Additionally, LLLT has been shown to cause vasodilation by triggering the relaxation of smooth muscle endothelium, which is highly relevant to the treatment of joint inflammation. LLLT is well known to generate local production of Nitric Oxide (“NO”), which is a potent vasodilator via its effect on cyclic guanine monophosphate production, and it has been hypothesized that LLLT may cause photodissociation of NO, not only from cytochrome c oxidase (“CCO”) but also from intracellular stores such as nitrosylated forms of both hemoglobin and myoglobin, all promoting vasodilation. This vasodilation increases blood circulation, the availability of oxygen to treated cells, and allows for greater traffic of immune cells into tissue. Importantly, these events promote the removal of toxic inflammatory debris, all which contribute to accelerated healing.
The Willow Curve® has passed Federal Communications Commission (“FCC”) testing (47 C.F.R. § 15.109(a) and 47 C.F.R. § 15.107(a)) for radio frequency devices conducted limits and radiation emission limits. It has also passed testing for Canada’s ICES-003, Issue 5 (technical l requirements relative to radio noise generated by Information Technology Equipment).

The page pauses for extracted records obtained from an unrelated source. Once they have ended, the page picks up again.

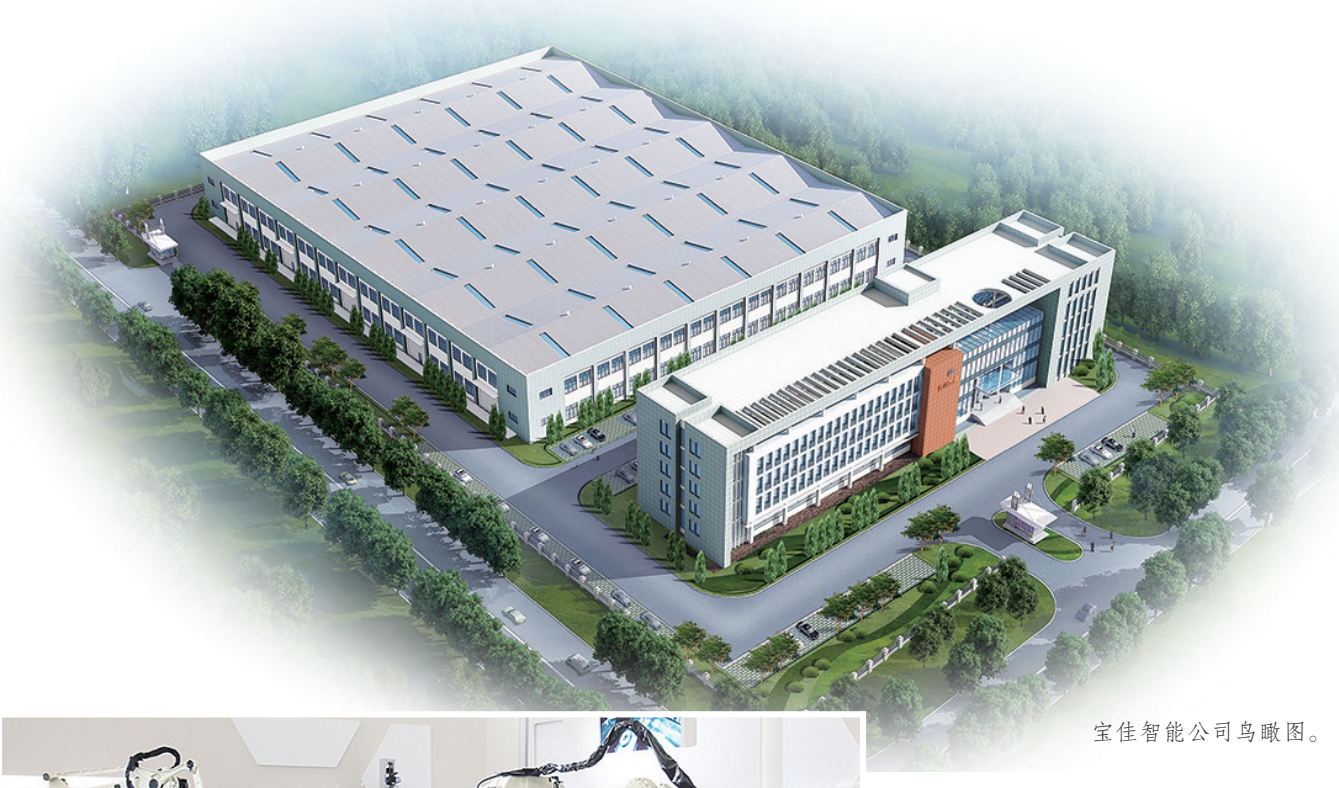
宝佳智能公司鸟瞰图。
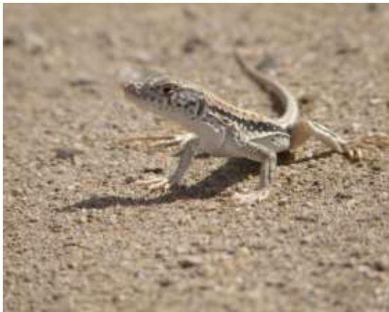
شکل ۱۱ - Eremias pesica
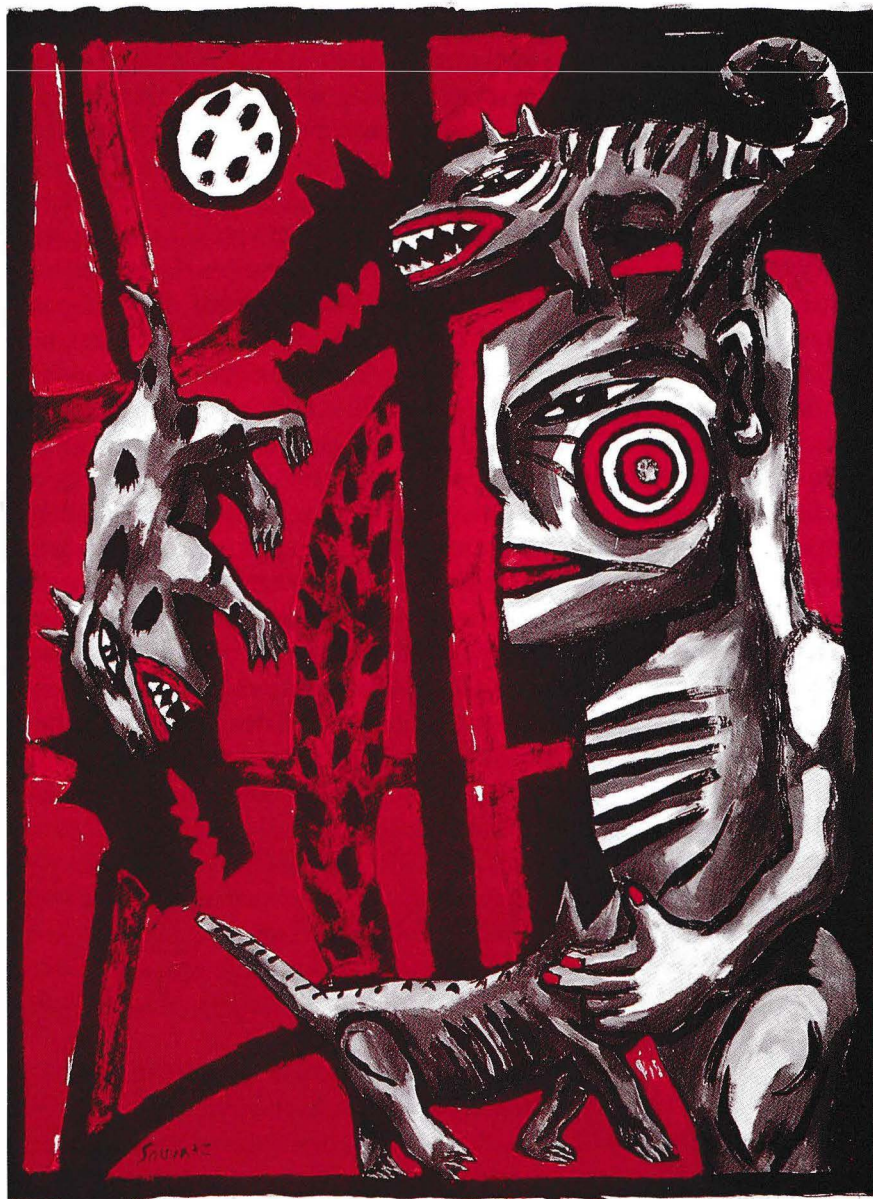
La brute papier (110 x 75 cm)

The Willow Curve® is FDA registered, 510K exempt, and recognized as a low risk medical device to reduce minor musculoskeletal pain, stiffness, and muscle spasm and temporarily increases local blood circulation due to the local release of nitric oxide from LLLT treatment. Willow Curve has been issued a U.S. Federal Government (GSA) Contract (Contract number V797D-70038) to provide Willow Curve devices, paid for by the government, to government employees and veterans. The Department of Health & Human Services Centers for Medicare and Medicaid Services has assigned DME code E0221 to the Willow Curve for Medicare payment. Additionally, the American Medical Association (AMA) CPT Editorial Panel has created a unique CPT code, described as Low-level laser therapy, dynamic photonic and dynamic thermokinetic energies, provided by a physician or other qualified health care professional. This Code will be published in the CPT coding manual in 2019 and available for billing in July 2019.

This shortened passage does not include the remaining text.